### Exercise details
Transcribe only the lines of the listing below from the one holding "Next loosen (6)" through the one holding "- ์ฃผ์ ์ญํ : ๊ฒฝ๋ก(Path)", inclusive, without any change.

### Records shown
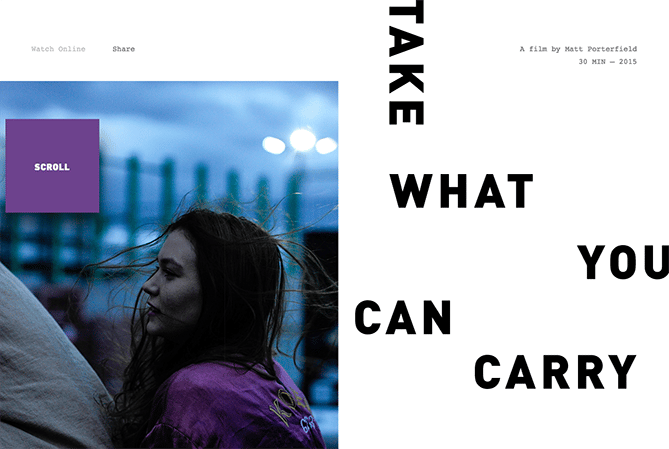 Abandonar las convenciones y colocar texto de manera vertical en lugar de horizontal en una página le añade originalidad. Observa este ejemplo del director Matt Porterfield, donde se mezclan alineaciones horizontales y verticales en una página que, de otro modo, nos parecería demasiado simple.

* * *

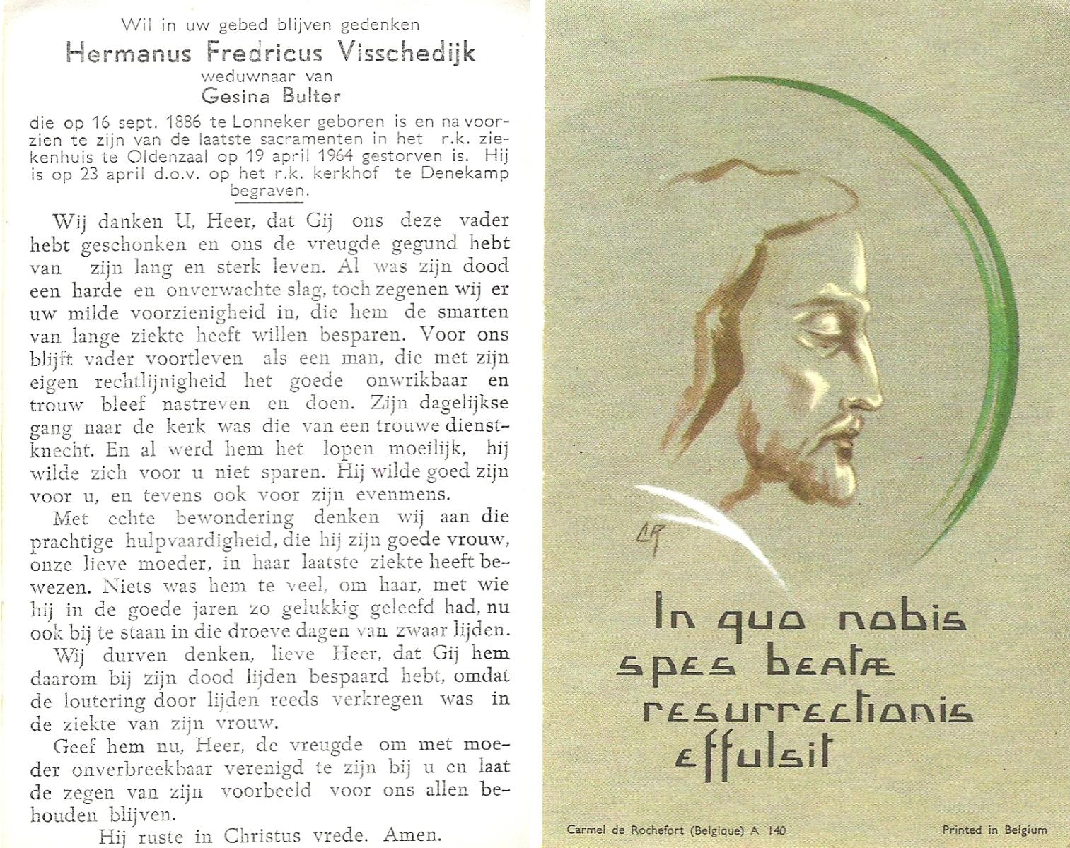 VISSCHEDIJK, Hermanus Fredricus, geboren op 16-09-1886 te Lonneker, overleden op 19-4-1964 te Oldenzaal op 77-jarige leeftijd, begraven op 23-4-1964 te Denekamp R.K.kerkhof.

--

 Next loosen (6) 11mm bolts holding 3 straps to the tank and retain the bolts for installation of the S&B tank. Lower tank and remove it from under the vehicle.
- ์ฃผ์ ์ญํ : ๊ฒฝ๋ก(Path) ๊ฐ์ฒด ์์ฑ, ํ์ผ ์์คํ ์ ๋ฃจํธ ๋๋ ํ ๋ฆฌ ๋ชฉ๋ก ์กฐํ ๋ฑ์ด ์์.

### Expected answer
 Next loosen (6) 11mm bolts holding 3 straps to the tank and retain the bolts for installation of the S&B tank. Lower tank and remove it from under the vehicle.
- ์ฃผ์ ์ญํ : ๊ฒฝ๋ก(Path) ๊ฐ์ฒด ์์ฑ, ํ์ผ ์์คํ ์ ๋ฃจํธ ๋๋ ํ ๋ฆฌ ๋ชฉ๋ก ์กฐํ ๋ฑ์ด ์์.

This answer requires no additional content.